> _RECORDED INFORMATION_
%%
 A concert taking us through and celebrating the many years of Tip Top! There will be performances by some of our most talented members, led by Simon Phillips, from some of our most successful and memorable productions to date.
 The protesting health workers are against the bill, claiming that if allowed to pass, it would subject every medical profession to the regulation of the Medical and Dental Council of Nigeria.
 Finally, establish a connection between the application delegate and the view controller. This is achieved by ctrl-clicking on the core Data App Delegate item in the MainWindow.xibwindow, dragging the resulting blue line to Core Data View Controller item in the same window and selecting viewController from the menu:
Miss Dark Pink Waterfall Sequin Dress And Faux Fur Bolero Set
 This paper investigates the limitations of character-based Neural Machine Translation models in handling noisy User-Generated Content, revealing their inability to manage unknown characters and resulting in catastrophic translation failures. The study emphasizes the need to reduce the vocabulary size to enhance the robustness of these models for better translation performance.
%%
%%
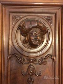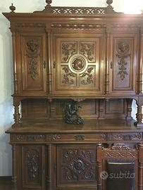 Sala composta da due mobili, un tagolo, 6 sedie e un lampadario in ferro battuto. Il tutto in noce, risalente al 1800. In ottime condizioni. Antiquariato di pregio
%%
> _ABOUT THIS EXERCISE_
Of the entries above, transcribe exactly those lines that fall between the line containing "Miss Dark Pink" and the line containing "This paper investigates", together with those two lines.

> _ANSWER BOX_
Miss Dark Pink Waterfall Sequin Dress And Faux Fur Bolero Set
 This paper investigates the limitations of character-based Neural Machine Translation models in handling noisy User-Generated Content, revealing their inability to manage unknown characters and resulting in catastrophic translation failures. The study emphasizes the need to reduce the vocabulary size to enhance the robustness of these models for better translation performance.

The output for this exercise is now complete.